Autonomia produtiva, mestiçagem, isolamento geográfico, marginalidade social e legal associam-se enquanto características intrínsecas desses agrupamentos populacionais sertanejos na perspectiva do Ouvidor da Capitania do Piauí. Traços que serão retomados em diversos outros discursos sobre as populações do Sertão ao longo do tempo. No século XIX, quando o viajante inglês George Gardner atravessa o sul do Ceará em direção ao Piauí, ele nota que os habitantes dessa região são compostos, em sua maior parte, de índios e mestiços que recebem o nome de Cariris, sendo afamados por sua rebeldia às leis do país (Gardner, 1975, p. 97).
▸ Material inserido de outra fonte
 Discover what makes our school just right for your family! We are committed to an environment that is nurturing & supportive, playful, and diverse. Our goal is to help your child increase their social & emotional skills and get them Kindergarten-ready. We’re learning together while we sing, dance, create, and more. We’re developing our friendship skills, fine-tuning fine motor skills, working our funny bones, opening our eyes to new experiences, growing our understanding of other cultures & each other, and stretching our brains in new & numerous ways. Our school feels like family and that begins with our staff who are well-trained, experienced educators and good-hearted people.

A associação entre a existência de população livre e mestiça e a necessidade de controle e subordinação dessa massa por parte do estado e dos grupos econômicos

dominantes atravessou os séculos e, já durante a República, diversos intelectuais19 dedicaram-se a refletir sobre a origem desses grupos e os meios para superar as condições de atraso em que eles estavam envolvidos (Lima, 1999). Da mesma forma, os modos de vida dessas populações eram alvos de políticas de controle e subordinação por parte do estado que envolviam desde expedições militares, como nos casos de Canudos e do Contestado, até campanhas de educação, saneamento, abertura de estradas e criação de núcleos coloniais e de trabalho. A própria criação do Serviço de Proteção aos Índios e Localização dos Trabalhadores Nacionais, em 1910, é sintomática deste entendimento, agindo as reservas indígenas como estabelecimentos de controle e transição de grupos etnicamente diferenciados em trabalhadores úteis à nação, mas não a eles próprios (Lima, 1995).
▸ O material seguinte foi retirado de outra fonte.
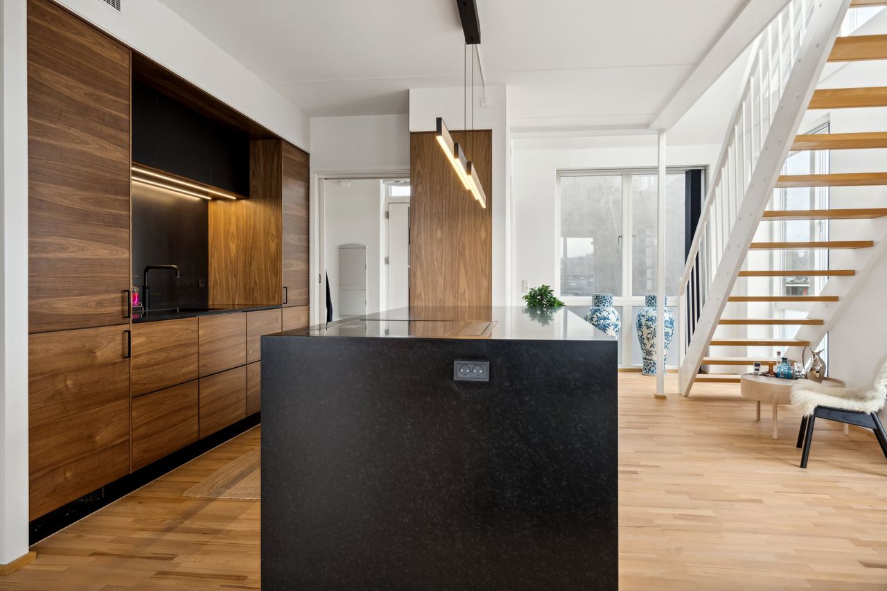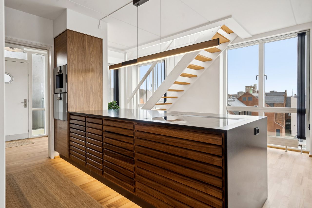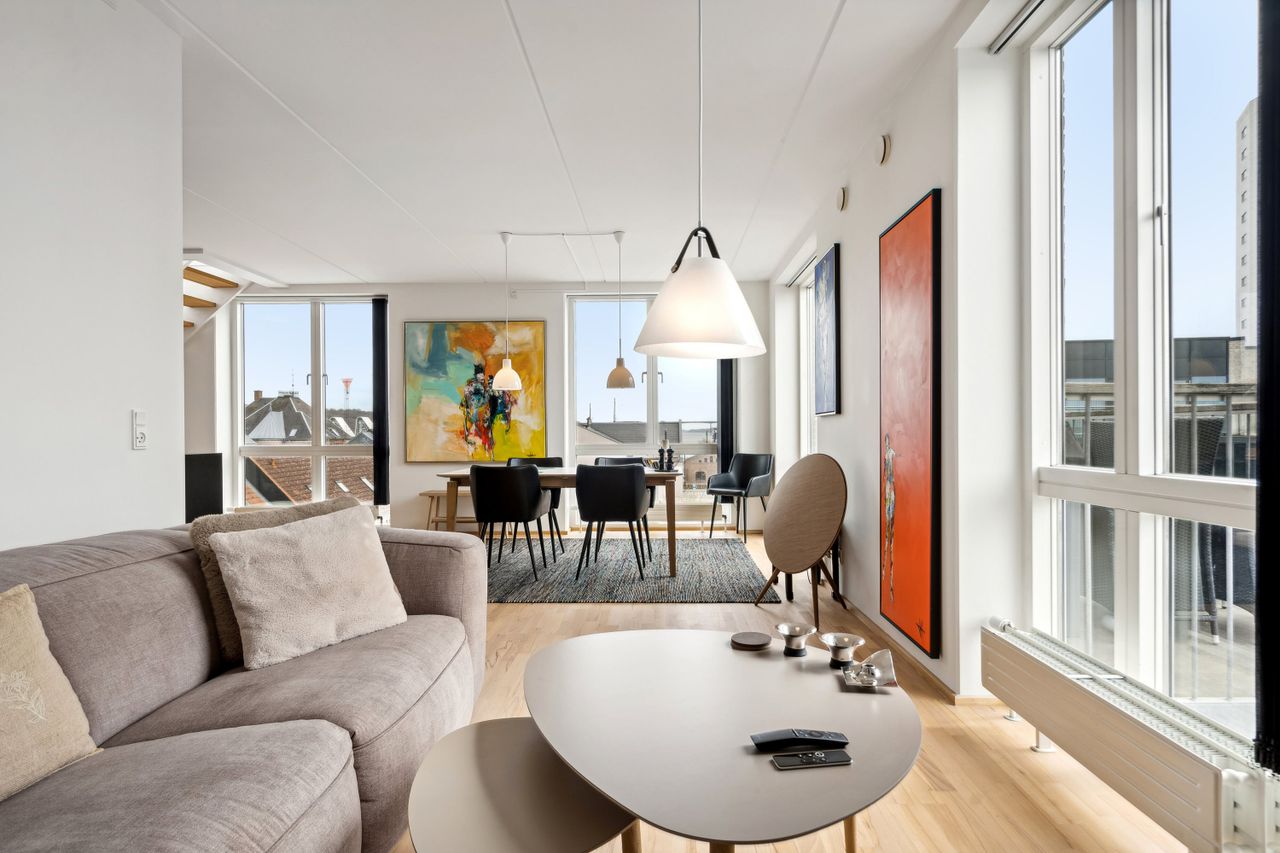 Velkommen til en ekstraordinær ejerlejlighed, der tilbyder en unik kombination af moderne komfort og betagende udsigt over byen. Denne imponerende bolig strækker sig over to plan og er beliggende i en ejendom opført i 2005, hvilket sikrer et moderne udtryk og funktionalitet. Med et boligareal på hele 143 kvadratmeter er der rigelig plads til at udfolde sig.

Neste sentido, Roberto Cardoso de Oliveira argumenta que o caboclo é o resultado da interiorização do mundo do branco pelo indígena20. É o nativo vendo-se a si mesmo com os olhos do colonizador, isto é, como intruso, indolente, traiçoeiro, enfim como alguém cujo único destino é trabalhar para o branco. Parafraseando Hegel, poder-se-ia dizer que o caboclo é a própria ‘consciência infeliz’. Fracionada sua personalidade em duas, ela bem retrata a ambigüidade de sua situação total [...] (1964, p. 80).
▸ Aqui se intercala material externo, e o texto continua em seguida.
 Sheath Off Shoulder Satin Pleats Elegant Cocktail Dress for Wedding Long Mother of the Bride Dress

Assim, não admira que muitas vezes ocorra uma recusa ao termo caboclo, uma vez que esta palavra traz em si a conotação de uma existência tutelada e parcial. O trajeto de índio a caboclo é parte essencial do projeto hegemônico de elaboração da nacionalidade brasileira, cerceando e modelando os grupos sociais a partir da intervenção de intelectuais e aparelhos de Estado. Por outro lado, o percurso de caboclo a índio envolve uma luta simbólica em que os grupos locais contestam o monopólio das representações e das classificações sociais, exercido até então por atores sancionados oficialmente. Uma luta que só se torna possível quando a autoridade que preside a classificação encontra-se minada por outras forças que contestam os princípios de di-visão até então operados (Bourdieu, 1989). Mediadora importante nesse processo, a ação missionária buscou deliberadamente inverter a polaridade dos signos classificatórios, refazendo o caminho de caboclo a índio, a partir do exercício narrativo e da ritualização de performances.

19 Entre muitos, podemos citar: Euclides da Cunha, Belisário Penna, Edgard Roquette-Pinto, Cândido Rondon, Oswaldo Cruz, Monteiro Lobato e Oliveira Vianna.

20 Para este autor, o termo bugre, usado em Mato Grosso do Sul é equivalente ao termo caboclo.